Saturday, July 18, 2015

Part III : Astro-Stats & Python : Lev-Marq to Markov Chain Monte Carlo and Bootstrapping

Now that my function (using the Levenberg-Marquardt, or LM, statistical method) has found the best fitting parameters, another function takes action and performs the Markov Chain Monte Carlo (MCMC). 

Figure 1: Plot of steps taken by the "random walker" representing the parameter \(a_0\).  The MCMC process is causing the walker to search around the best value for this parameter while looking at the Likelihood at each step.  The gaps represent iterations of the the MCMC process when this specific parameter was not changed.
As you can see in Figure 1, the "walker" moves vertically on the plot over time.  Some values seem to be repeated.  This is the Bootstrapping application of my code.  It is okay for the walker to repeat steps that were chosen previously.  However, because of the MCMC method, the walker gravitates towards values that yield high Likelihoods and probabilities.  

From here, I will follow the same analysis I conducted in my Astro-Stats & Python : Bootstrapping, Monte Carlo and a Histogram post.  The histogram of each parameter will reveal the probability distribution function (PDF) of the parameter although the PDF is not explicitly plotted.  Then the cumulative distribution function (CDF) will reveal where the peak of the probability distribution function is as well as the interval for which 68.3% of the central area under the PDF curve is accounted for.  (This is explained thoroughly in my Grad level Intro to Astro-Stats for Undergraduates, cont. post with an example given to apply the concept.)
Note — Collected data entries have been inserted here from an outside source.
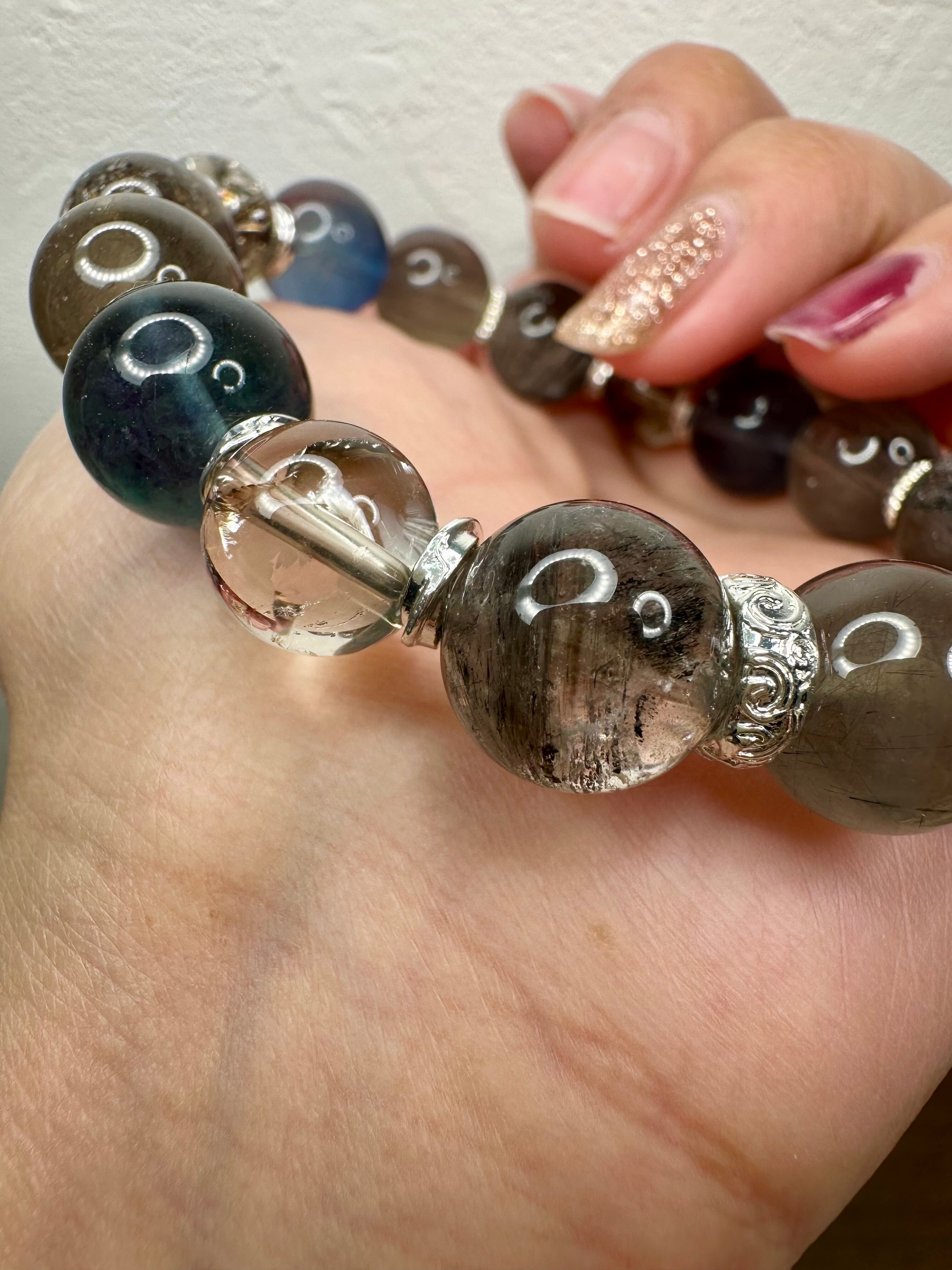 エレスチャルクォーツ×ブルールチルクォーツ×ブルーフローライト×ライトスモーキーアイリスクォーツ
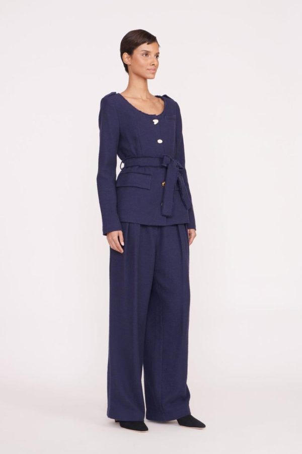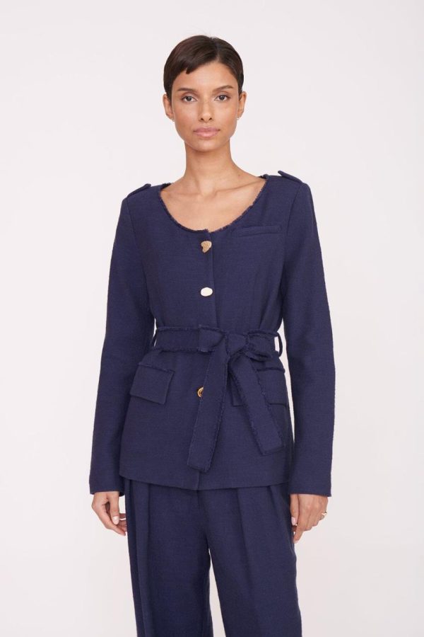 Elevate your professional wardrobe with this sophisticated scoop neck blazer featuring distinctive mismatched buttons and an elegant waist tie. Crafted from premium cotton suiting fabric, this versatile piece creates a polished silhouette perfect for office wear or elevated casual occasions. Complete your look by pairing the Charles Blazer with the matching Luisa Pant or Tour Skirt for a perfectly coordinated ensemble.
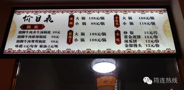 在这里品尝火锅,就是在穿梭历史。好了,我们先品茗完文化,接着来品尝朝天娇的美食了——冷锅鱼和跷脚牛肉火锅!先上价目表,明明白白消费,高高兴兴吃菜!
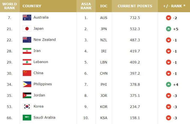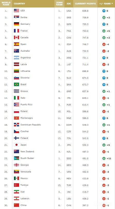 FIBA更新男篮世界排名:中国降一位排第30,日本升五位排第21海淀小冰2024-08-15 20:58北京时间8月15日,FIBA官网更新了奥运会后的男篮世界排名,中国男篮下降一位排名第30,日本男篮上升五位排名第21,南苏丹男篮上升十一位。美国男篮稳居榜首;塞尔维亚夺得奥运铜牌上升至第2;法国获得银牌升至第4;南苏丹男篮升十一位排名第23;日本男篮上升五位排名21;中国男篮下降一位排名第30,在亚洲赛区排名第6(落后于澳大利亚、日本、新西兰、伊朗、黎巴嫩)。展开更多
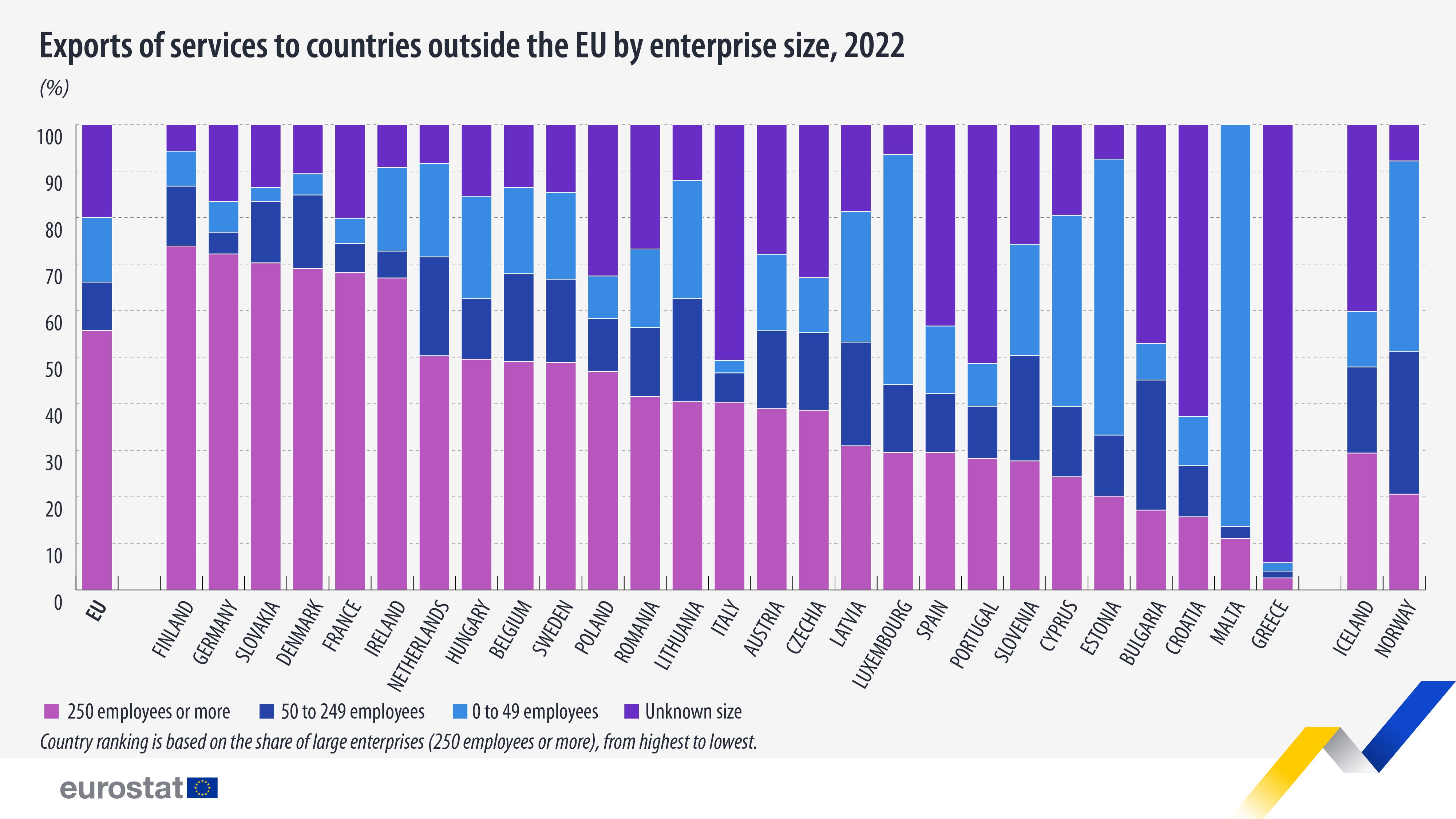 En la mayoría de los países de la UE, las grandes empresas representaron la mayoría de los servicios exportados fuera de la UE, y las mayores contribuciones se registraron en Finlandia (74%), Alemania (72%) y Eslovaquia (70%).

Despite similar analyses, the results are tremendously different now though.  Because I have now used the LM statistical method first, my MCMC didn't have to waste time in finding the vicinity of the best fitting parameters and subsequently the confidence interval.  This time, my MCMC process devoted 2,000 trials solely towards searching around the best fitting parameters.  This distinction is evident if you compare the uncertainties of the 3 parameters in that post with the 3 parameters' confidence intervals in this post.  This is why I set the "par_sigmas" so low.  Because the "walker" is so close to the best values with the highest Likelihoods, the walker will refuse to make steps that are very far away (where there are much lower Likelihoods).  Therefore, it is best to tell the walker to attempt to make very small steps.  The walker will be more willing to accept very small steps than larger ones and thus the acceptance rate has a chance at being above 40%.
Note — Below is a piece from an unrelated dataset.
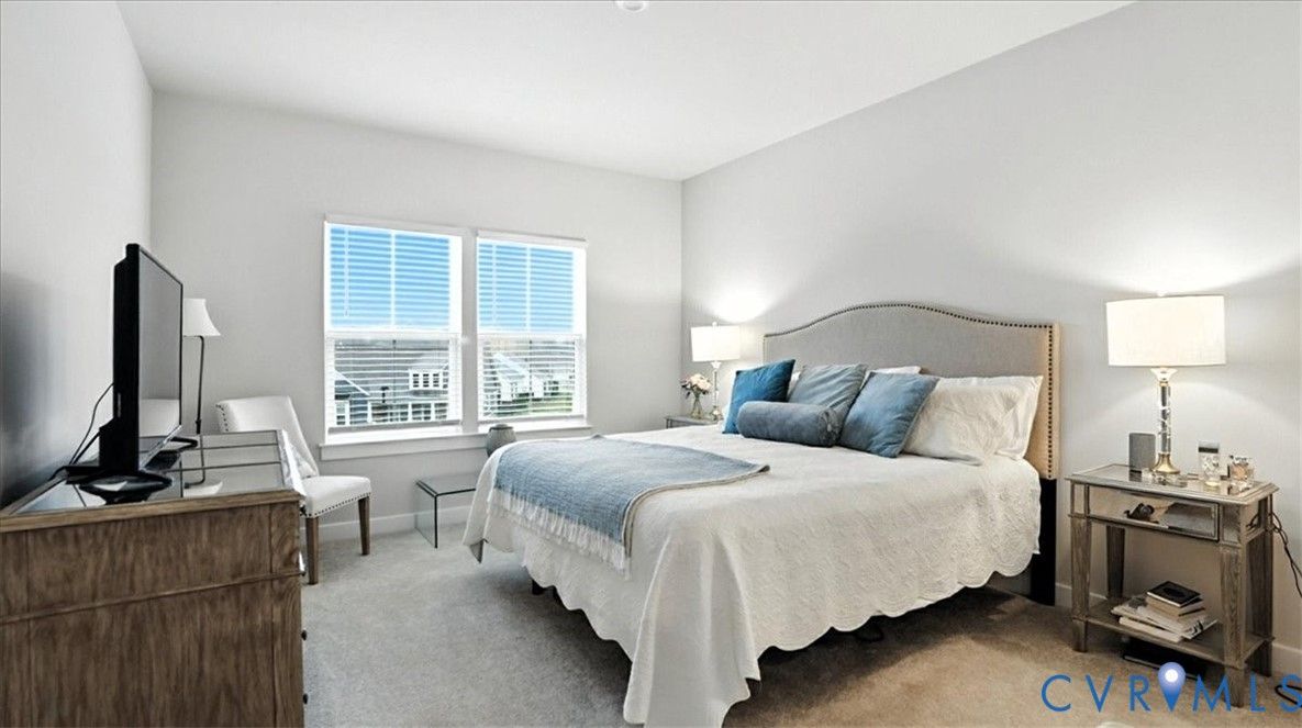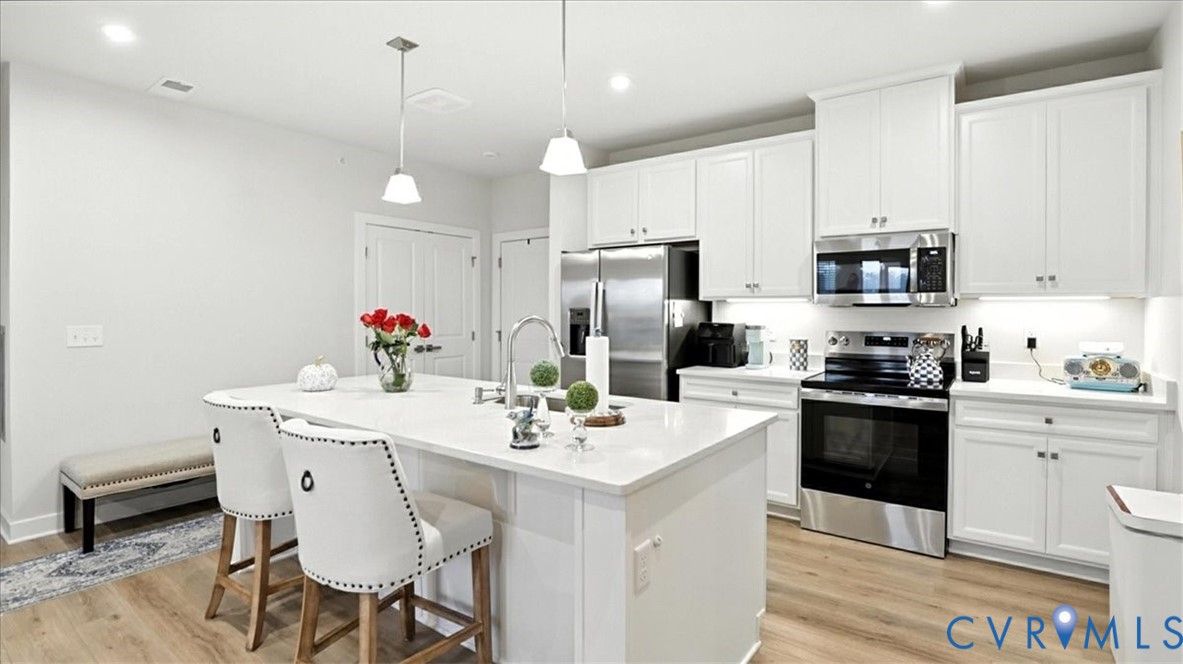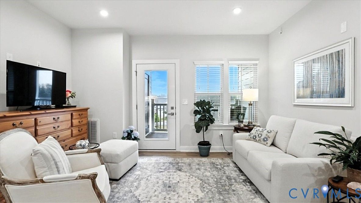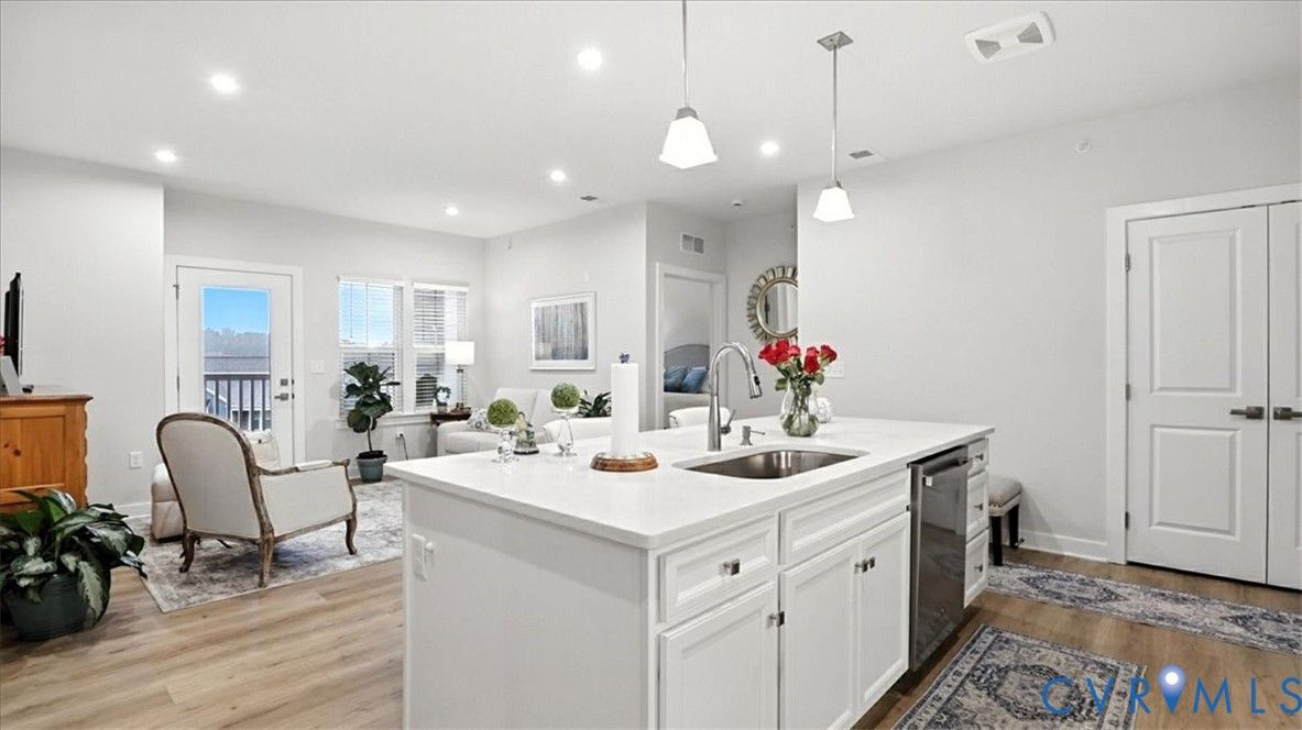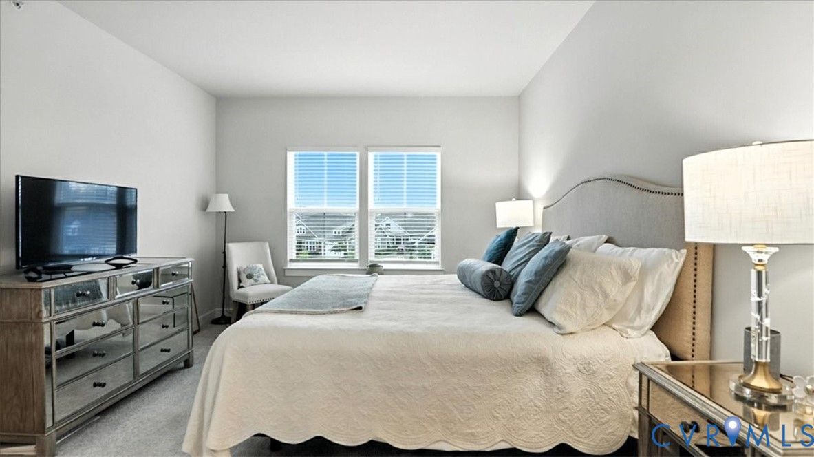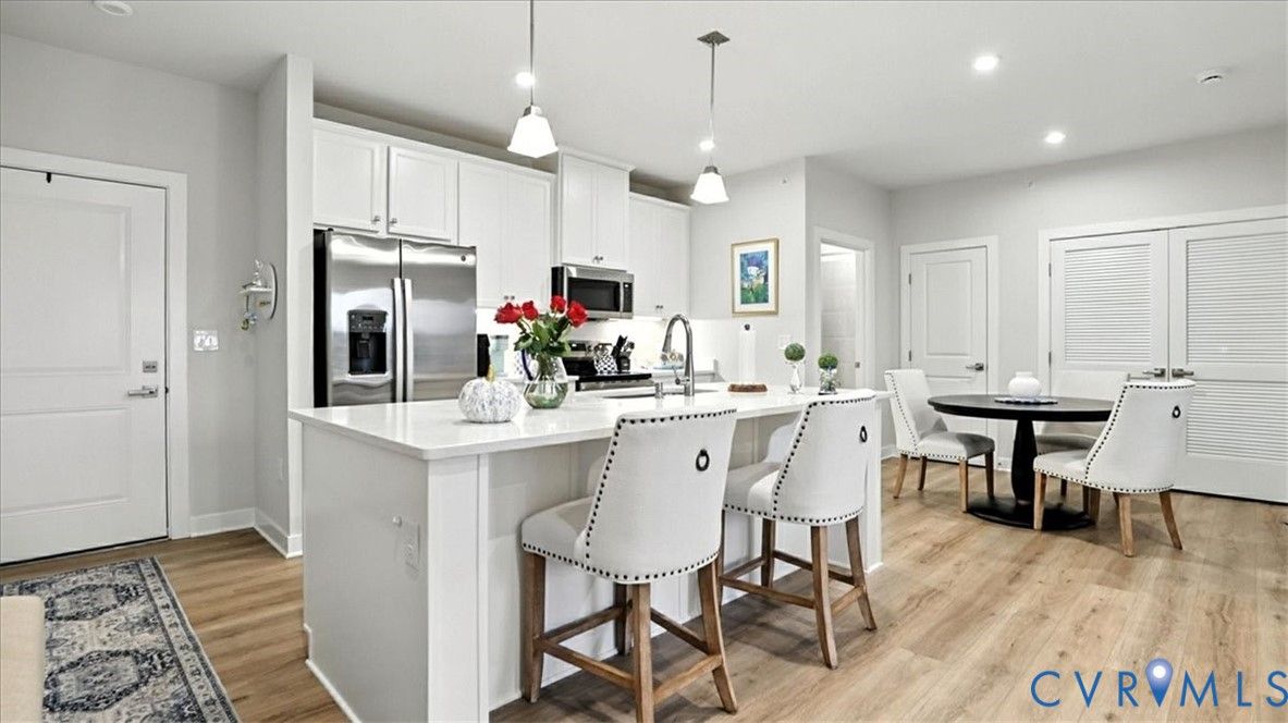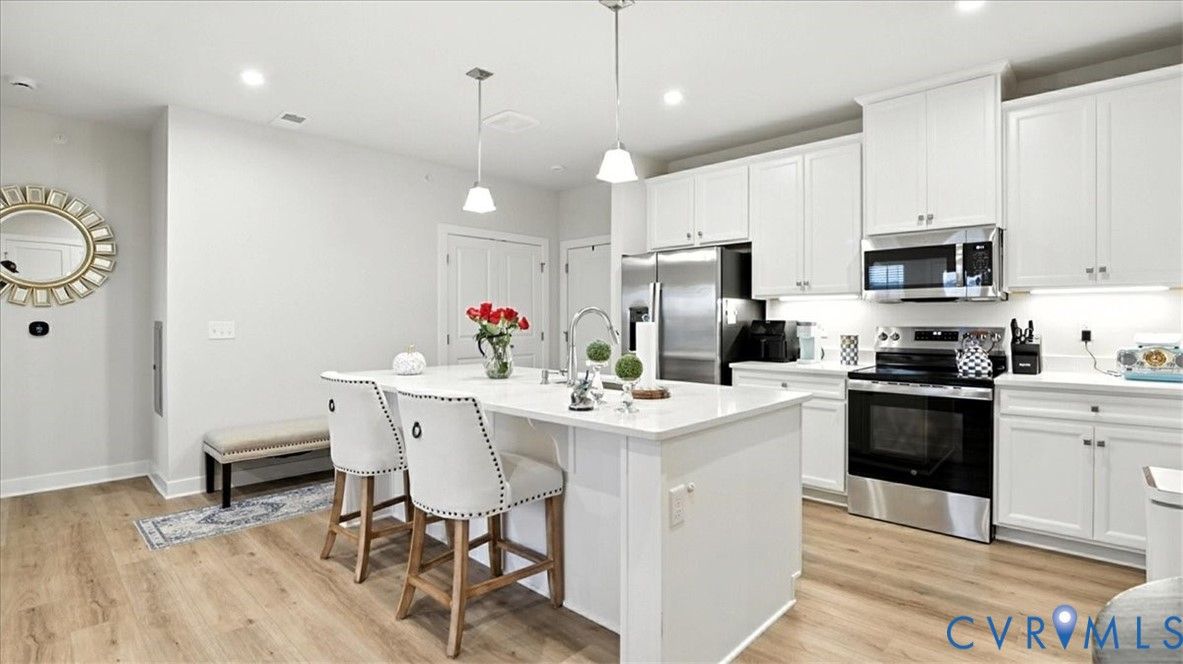 Better Than New, Move-In Ready and waiting for YOU! Welcome to one of the most desirable top-level condos in the 55+ community of Greenwich Walk! This stunning Emerald model offers beautiful views of the neighborhood and is packed with thoughtful upgrades, stylish finishes, and low-maintenance living—all just steps from Cosby Village. Step inside this sunny, open-concept home and fall in love with the chic, durable LVP flooring and spacious layout designed for both comfort and entertaining. The designer kitchen is a true showstopper, featuring sleek quartz countertops, under-cabinet lighting, stainless steel appliances (refrigerator conveys), an expansive island with bar seating, recessed/pendant lighting, a generous pantry, and a cozy dining area. The inviting living room flows seamlessly from the kitchen and opens to a private balcony—your perfect perch for morning coffee or evening unwinding. Retreat to the spacious primary suite, complete with plush carpeting, a huge walk-in closet, and a spa-inspired en-suite bath with a raised-height double vanity, linen closet, and a beautifully tiled walk-in shower with bench seating. A second bedroom—ideal for guests or a home office—is conveniently located near a second full bathroom. Added bonus: no need to install blinds AND the washer/dryer are included! Enjoy elevator access and true single-level living in Chesterfield’s premier active adult community. Greenwich Walk @ Foxcreek offers its own private clubhouse, pickleball courts, fitness center, pool, walking paths and a tranquil pond. With dozens of social clubs and regular community happy hours, there’s always something to do—and great neighbors to do it with. Don’t miss your chance to experience the ultimate in carefree living. Schedule your showing today!

I will now just show the rest of the results.  At a later time, I will run the same code and explain what is happening when the data follows a Gaussian profile, as opposed to my current example's trinomial of second degree profile.  But if you are just too eager to wait and see, you can run my code again with the "sim_data_gauss" option set to "True".

Figure 2: The Y-axis is the number of times that that value appeared during the 2,000 trials.  The highest bin(s) seems to be around 0.003 + 9.469, which is 9.472.
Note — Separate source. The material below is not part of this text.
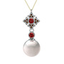 Inci, garnet ve dumanlı kuvars 8 ayar beyaz altın kolye (40 cm altın rolo zincir)

Figure 3: As the histogram for \(a_0\) implied, 9.472 was calculated to be the best value for this parameter.  This is good because the true value was 10.  The red error bars represent the confidence interval, i.e. the \(\pm\) uncertainties.  The green line shows that the CDF goes from 0 to 1 (because it's a type of probability distribution function). It also helps guide your eye towards seeing the X-axis value that is chosen.

Figure 4: Plot showing the changes made to parameter \(a_1\) throughout the Random Walk.

Figure 5: The highest bin(s) conspicuously suggest that a number near 0.003 + 499.997 (which is 500) is the best value.

Figure 6: Look at those low uncertainties!  Talk about precision, eh!

Figure 7: Plot showing the changes made to parameter \(a_2\) throughout the MCMC process.

Figure 8: The highest bin(s), i.e. the highest probabilities and frequencies, are around 0.015 + 1999.98, which is 1999.995.

Figure 9: I must say, I am proud of this one.  Beautiful plots can make all of that hard work seem worth it.  And oh boy! that precision though!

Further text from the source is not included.